= YOUR OBJECTIVE =
Among the lines below, a stretch begins at the one with "当地时间2月13日,美国职业" and ends at the one with "9:小火炖十几分钟后加入适量". Repeat that stretch exactly, ends included.
### DATASET CONTENT ###
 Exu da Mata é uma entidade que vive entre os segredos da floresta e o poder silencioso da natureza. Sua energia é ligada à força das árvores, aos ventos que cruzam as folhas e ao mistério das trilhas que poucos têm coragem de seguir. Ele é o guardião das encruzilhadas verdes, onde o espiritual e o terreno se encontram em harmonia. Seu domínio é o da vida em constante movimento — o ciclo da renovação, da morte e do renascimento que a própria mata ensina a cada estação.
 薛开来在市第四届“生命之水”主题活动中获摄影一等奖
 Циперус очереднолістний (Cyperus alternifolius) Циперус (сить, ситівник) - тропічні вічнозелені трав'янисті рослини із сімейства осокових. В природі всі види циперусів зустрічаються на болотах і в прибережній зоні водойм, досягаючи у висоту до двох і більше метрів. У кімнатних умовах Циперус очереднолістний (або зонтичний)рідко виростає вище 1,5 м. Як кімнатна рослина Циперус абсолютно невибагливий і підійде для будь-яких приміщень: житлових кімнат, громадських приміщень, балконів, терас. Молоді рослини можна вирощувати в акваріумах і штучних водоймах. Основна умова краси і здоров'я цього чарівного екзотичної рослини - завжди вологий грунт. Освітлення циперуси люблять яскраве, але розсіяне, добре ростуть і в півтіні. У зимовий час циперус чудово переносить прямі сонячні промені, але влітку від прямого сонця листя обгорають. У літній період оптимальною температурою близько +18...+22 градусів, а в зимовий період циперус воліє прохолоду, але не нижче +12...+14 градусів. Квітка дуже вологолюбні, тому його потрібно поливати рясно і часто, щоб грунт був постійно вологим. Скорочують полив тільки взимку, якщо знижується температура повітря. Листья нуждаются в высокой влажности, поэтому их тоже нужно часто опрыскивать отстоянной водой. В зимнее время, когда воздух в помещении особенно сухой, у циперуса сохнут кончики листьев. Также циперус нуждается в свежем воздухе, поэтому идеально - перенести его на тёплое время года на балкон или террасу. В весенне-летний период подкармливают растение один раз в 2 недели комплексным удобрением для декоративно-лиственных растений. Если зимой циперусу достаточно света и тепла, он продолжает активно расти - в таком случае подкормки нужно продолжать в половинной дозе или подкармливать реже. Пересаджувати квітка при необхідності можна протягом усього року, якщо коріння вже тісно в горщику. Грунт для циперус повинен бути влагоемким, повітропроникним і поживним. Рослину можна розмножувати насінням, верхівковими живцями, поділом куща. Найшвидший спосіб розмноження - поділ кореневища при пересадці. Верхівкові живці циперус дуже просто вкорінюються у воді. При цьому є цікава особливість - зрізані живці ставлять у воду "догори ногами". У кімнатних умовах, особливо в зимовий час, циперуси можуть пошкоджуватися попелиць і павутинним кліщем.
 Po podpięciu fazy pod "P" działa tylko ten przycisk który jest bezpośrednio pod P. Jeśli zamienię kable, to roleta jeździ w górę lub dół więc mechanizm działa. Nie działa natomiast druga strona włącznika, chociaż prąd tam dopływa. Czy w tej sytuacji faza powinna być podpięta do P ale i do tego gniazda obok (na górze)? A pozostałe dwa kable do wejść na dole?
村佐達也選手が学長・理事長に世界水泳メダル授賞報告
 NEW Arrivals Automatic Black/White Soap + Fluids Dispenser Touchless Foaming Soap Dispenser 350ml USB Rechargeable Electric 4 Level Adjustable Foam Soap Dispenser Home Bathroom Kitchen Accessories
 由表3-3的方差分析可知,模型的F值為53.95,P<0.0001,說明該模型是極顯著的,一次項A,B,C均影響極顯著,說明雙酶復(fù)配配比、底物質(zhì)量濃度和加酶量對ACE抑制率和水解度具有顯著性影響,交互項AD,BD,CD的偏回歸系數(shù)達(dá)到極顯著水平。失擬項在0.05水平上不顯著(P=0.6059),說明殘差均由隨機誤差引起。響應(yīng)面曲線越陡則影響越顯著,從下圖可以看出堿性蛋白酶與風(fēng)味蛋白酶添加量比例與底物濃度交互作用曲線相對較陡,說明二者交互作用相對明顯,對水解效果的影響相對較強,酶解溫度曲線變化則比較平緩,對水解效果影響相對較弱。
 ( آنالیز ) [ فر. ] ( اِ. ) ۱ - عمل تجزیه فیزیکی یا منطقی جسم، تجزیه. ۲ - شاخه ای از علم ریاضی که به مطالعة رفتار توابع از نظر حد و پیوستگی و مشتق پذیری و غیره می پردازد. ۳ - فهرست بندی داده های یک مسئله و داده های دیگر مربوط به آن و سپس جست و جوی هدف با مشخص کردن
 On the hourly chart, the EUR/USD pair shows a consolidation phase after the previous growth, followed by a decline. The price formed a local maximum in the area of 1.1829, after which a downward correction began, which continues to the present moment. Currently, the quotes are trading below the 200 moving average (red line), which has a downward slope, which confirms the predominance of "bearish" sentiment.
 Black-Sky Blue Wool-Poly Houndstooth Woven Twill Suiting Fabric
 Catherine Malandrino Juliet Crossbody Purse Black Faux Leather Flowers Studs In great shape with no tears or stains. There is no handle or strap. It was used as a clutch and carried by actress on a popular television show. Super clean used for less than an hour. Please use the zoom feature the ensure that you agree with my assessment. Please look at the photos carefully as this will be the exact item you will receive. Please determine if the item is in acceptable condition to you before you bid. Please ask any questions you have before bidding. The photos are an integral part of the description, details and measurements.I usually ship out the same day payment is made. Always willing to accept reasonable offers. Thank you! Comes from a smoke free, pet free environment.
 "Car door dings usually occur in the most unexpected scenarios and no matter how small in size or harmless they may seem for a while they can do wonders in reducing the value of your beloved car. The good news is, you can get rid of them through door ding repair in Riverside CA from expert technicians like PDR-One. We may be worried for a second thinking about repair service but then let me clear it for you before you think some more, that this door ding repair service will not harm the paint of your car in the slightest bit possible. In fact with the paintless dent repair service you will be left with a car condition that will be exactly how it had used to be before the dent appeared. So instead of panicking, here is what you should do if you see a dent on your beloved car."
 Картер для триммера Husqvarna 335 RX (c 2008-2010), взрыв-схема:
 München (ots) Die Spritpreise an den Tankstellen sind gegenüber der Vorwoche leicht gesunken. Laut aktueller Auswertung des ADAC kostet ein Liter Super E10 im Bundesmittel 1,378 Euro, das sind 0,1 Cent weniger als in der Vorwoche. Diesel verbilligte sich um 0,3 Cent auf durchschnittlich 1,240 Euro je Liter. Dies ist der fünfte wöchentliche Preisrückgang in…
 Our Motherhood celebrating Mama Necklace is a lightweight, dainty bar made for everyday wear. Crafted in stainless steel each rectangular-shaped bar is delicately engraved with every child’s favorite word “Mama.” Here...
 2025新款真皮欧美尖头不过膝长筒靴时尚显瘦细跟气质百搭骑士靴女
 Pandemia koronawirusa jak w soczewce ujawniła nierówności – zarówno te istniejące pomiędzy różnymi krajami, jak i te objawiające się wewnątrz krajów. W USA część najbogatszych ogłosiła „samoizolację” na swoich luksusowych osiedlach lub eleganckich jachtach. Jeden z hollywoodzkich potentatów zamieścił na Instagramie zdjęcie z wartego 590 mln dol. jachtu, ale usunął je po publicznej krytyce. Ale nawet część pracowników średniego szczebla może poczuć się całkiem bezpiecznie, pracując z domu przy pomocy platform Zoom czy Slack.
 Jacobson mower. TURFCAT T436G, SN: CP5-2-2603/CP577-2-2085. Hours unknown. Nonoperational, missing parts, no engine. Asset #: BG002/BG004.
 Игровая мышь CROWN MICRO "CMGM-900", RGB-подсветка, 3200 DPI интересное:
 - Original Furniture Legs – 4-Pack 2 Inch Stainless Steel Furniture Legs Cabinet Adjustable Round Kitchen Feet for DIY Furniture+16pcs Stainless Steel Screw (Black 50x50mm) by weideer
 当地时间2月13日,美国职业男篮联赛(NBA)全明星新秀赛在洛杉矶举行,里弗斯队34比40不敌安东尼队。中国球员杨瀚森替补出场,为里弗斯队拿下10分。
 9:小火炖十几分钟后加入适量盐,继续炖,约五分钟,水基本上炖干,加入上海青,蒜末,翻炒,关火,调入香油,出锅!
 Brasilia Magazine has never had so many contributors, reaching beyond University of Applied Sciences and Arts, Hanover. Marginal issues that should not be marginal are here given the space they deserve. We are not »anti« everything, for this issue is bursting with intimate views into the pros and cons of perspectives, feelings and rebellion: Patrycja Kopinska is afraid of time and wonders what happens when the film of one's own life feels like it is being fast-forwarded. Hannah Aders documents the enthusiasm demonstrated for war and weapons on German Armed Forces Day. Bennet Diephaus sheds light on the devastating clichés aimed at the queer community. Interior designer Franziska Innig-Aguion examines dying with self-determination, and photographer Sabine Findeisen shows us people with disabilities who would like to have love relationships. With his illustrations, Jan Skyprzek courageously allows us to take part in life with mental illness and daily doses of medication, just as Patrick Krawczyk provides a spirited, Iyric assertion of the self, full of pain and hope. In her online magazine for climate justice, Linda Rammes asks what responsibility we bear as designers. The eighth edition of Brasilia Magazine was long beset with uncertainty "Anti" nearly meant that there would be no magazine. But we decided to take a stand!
###
= FINISHED EXERCISE =
 当地时间2月13日,美国职业男篮联赛(NBA)全明星新秀赛在洛杉矶举行,里弗斯队34比40不敌安东尼队。中国球员杨瀚森替补出场,为里弗斯队拿下10分。
 9:小火炖十几分钟后加入适量盐,继续炖,约五分钟,水基本上炖干,加入上海青,蒜末,翻炒,关火,调入香油,出锅!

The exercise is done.